How this skill works

It records named checkpoints and timestamps as immutable versions and exposes SQL/SDK primitives to query tables 'AS OF' a version or timestamp. A VersionManager API creates, lists, restores, and diffs versions while storage can use WAL/checkpoint policies and optional compression.
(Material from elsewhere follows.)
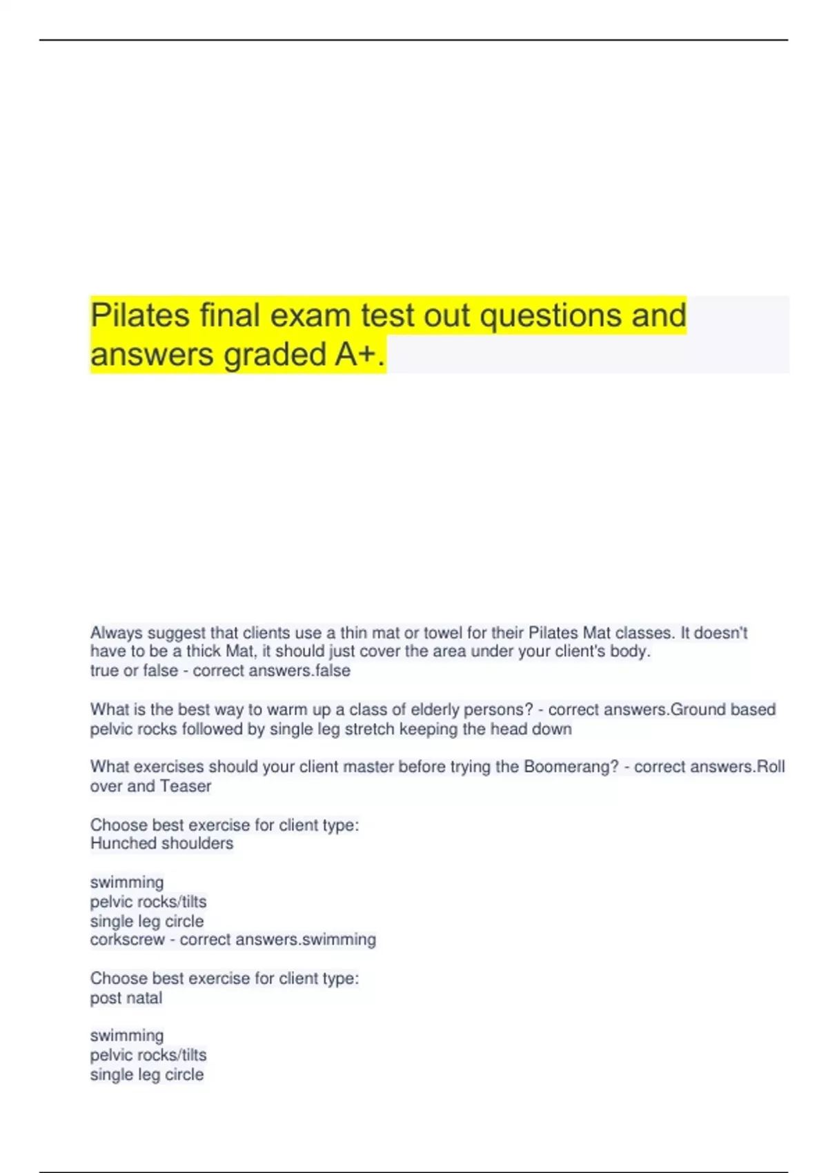 Pilates final exam test out questions and answers graded A+. Always suggest that clients use a thin mat or towel for their Pilates Mat classes. It doesn't have to be a thick Mat, it should just cover the area under your client's body. true or false - correct What is the best way to warm up a class of elderly persons? - correct answers.Ground based pelvic rocks followed by single leg stretch keeping the head down What exercises should your client master before trying the Boomerang? - correct answers.Roll over and Teaser Choose best exercise for client type: Hunched shoulders swimming pelvic rocks/tilts single leg circle corkscrew - correct ing Choose best exercise for client type: post natal swimming pelvic rocks/tilts single leg circle corkscrew - correct c rocks/tilts Choose best exercise for client type: hip replacement swimming pelvic rocks/tilts single leg circle corkscrew - correct e leg circle Choose best exercise for client type: young athlete swimming pelvic rocks/tilts single leg circle corkscrew - correct crew After warming up my small group mat class, I plan on having them do ________________________ to get the back of their body warm and then _________________________ to get the front of their body warm. - correct ing variations, hundreds Having both legs in table top is considered a closed kinetic chain and this is good for clients with low back issues. True or false - correct You are evaluating a client for the first time and find they have a major anterior tilt in their pelvis and no injuries in the past. They have been cleared to start a fitness routine after having not worked out in the past 4 years. What moves would you teach them in their first work out? - correct e, roll up, quadruped During the chest lift, the client should maintain their neutral pelvis. true or false - correct During Teaser, how does bending the knees into the chest change the exercise? - correct es the intent of exercise; once master, they can progress In what plane of motion is the Hundred? - correct tal Which method of journaling do we suggest using through the course? - correct fire journaling Pilates Metrics has all of the entire exercise library uploaded in it so that I can utilize it for helping my do my practice teaching hours, observation hours, assistant teaching and self practice. true or false - correct What is the best order of movement to start with if your client had an old injury, works all the time, and is "just getting back to moving?" - correct down, footwork, bridge variation, hands in straps/ supine abs What is the best way to evaluate the ROM (Range of Motion) of your client's ankles? - correct lower & lift For a client with valgus knees, what is the most effective positioning and prop to use during Footwork? - correct answers.Feet parallel with the Magic Circle being held at the outside of the upper knee area Footwork on the Reformer is most closely related to which real-life activity? - correct ng down & standing up Footwork on the Jumpboard and the foot bar are exactly the same. true or false - correct Clients who can do footwork on the Reformer are ready for jumping on the Jumpboard. true or false - correct When is a client ready to jump? - correct answers.When they have a stable pelvis and they are able to maintain a basic level of proprioceptive awareness How is footwork on the Jumpboard different than Footwork on the Reformer Footbar? - correct answers.When using the Jumpboard, there is more surface area under the foot which elicits a reaction closer to real life than the Footbar on the Reformer. What are the elements of good flow programming when teaching group Pilates classes? - correct answers.Progressions, Transitions, Creative Sequencing Which is the "best" way to transition? - correct answers.Instructor changes the springs while clients do a different move to distract them. What are the 4 main muscles are emphasized during Footwork on the Reformer? - correct answers.Transverse Abdominis, Contralateral Obliques, Glutes, Hamstrings Bridge variations on the Reformer strengthen the back muscles and posterior chain overall. true or false - correct After finding out that a client has a healthy back, you should always start their spinal flexion in a hinge NOT articulation. true or false - correct Pick the correct group of contraindications for bridging exercises. - correct answers.Pregnancy, Hip replacements, slipped disc, osteoperosis Bridge with knee extensions is a beginner move because it introduces a longer lever angle on the low back. true or false - correct Single Leg Bridge variations are a good introduction to lateral strength and flexion of the spine. true or false - correct What is the most advanced variation of Bridge and why? - correct answers.Semi Circle - it incorporates multiple variations of spinal articulations and requires clients to have impeccable proprioceptive awareness For "Supine Arms in Straps" series, the safest client progression would be in what order? - correct answers.Start with head down & legs in table top then progress to thoracic flexion with arm movement, followed by maintaining thoracic flexion the entire time and legs in extension. What are the major muscles emphasized in Supine Arms in Straps series? - correct answers.Transverse Abdominis for stabilization, Hip Flexors to hold legs in place and Latissimus Dorsi & the Long head of the tricep for arm movement Transverse Abdominis for stabilization, Hip Flexors to hold legs in place and Latissimus Dorsi & the Long head of the tricep for arm movement - correct answers.Single Leg Stretch, Double Leg Stretch, Lower and Lift, Scissors, Helicopters, Criss-Cross, Frogs What moves must a client successfully complete before trying Coordination? - correct answers.Arms in straps & Tricep Press with thoracic flexion The postural muscles are stabilizers during Presentation. true or false - correct Why is Shave the head more advanced than Hug a Tree? - correct answers.Keeping the torso neutral while

An ACSet schema generator translates category definitions into normalized DuckDB DDL, including referential constraints and attribute checks, and can emit views for GF(3) verification and color-stream history tables.

When to use it

  • When you need reproducible snapshots for model training, backtesting, or debugging.
  • To audit changes across ingest pipelines and detect schema drift over time.
  • When migrating domain category definitions (ACSets) into a DuckDB schema quickly.
  • To compare dataset states, find added/modified/deleted records between versions.
  • When tracking temporal evolution of GF(3) color streams or other indexed histories.

Best practices

  • Enable WAL and periodic checkpoints; set checkpoint_interval to balance latency and storage.
  • Use descriptive checkpoint messages and consistent seeds for reproducibility.
  • Limit max_versions and enable compression to control disk usage for long histories.
  • Generate ACSet schemas before ingest and enable gf3_verification for data integrity checks.
  • Use diffs to drive targeted restores instead of full rollbacks when possible.

Example use cases

  • Create a checkpoint before running an experiment and restore it to reproduce results exactly.
  • Generate a DuckDB schema from an ACSet category and instantiate normalized tables with constraints.
  • Run a time-travel query to inspect the interactions table at a specific version or timestamp.
  • Compute diffs between two versions to produce change summaries for auditing or ETL pipelines.
  • Track color_stream_history to analyze GF(3) trit conservation across thread evolutions.

FAQ

Can I query a table at an arbitrary timestamp?

Yes. The skill supports DuckLake-style snapshots and 'AS OF TIMESTAMP' queries when snapshots include timestamp mappings.

How large should max_versions be?

Choose based on retention needs and storage; use compression and periodic consolidation if you need long-term history with limited disk.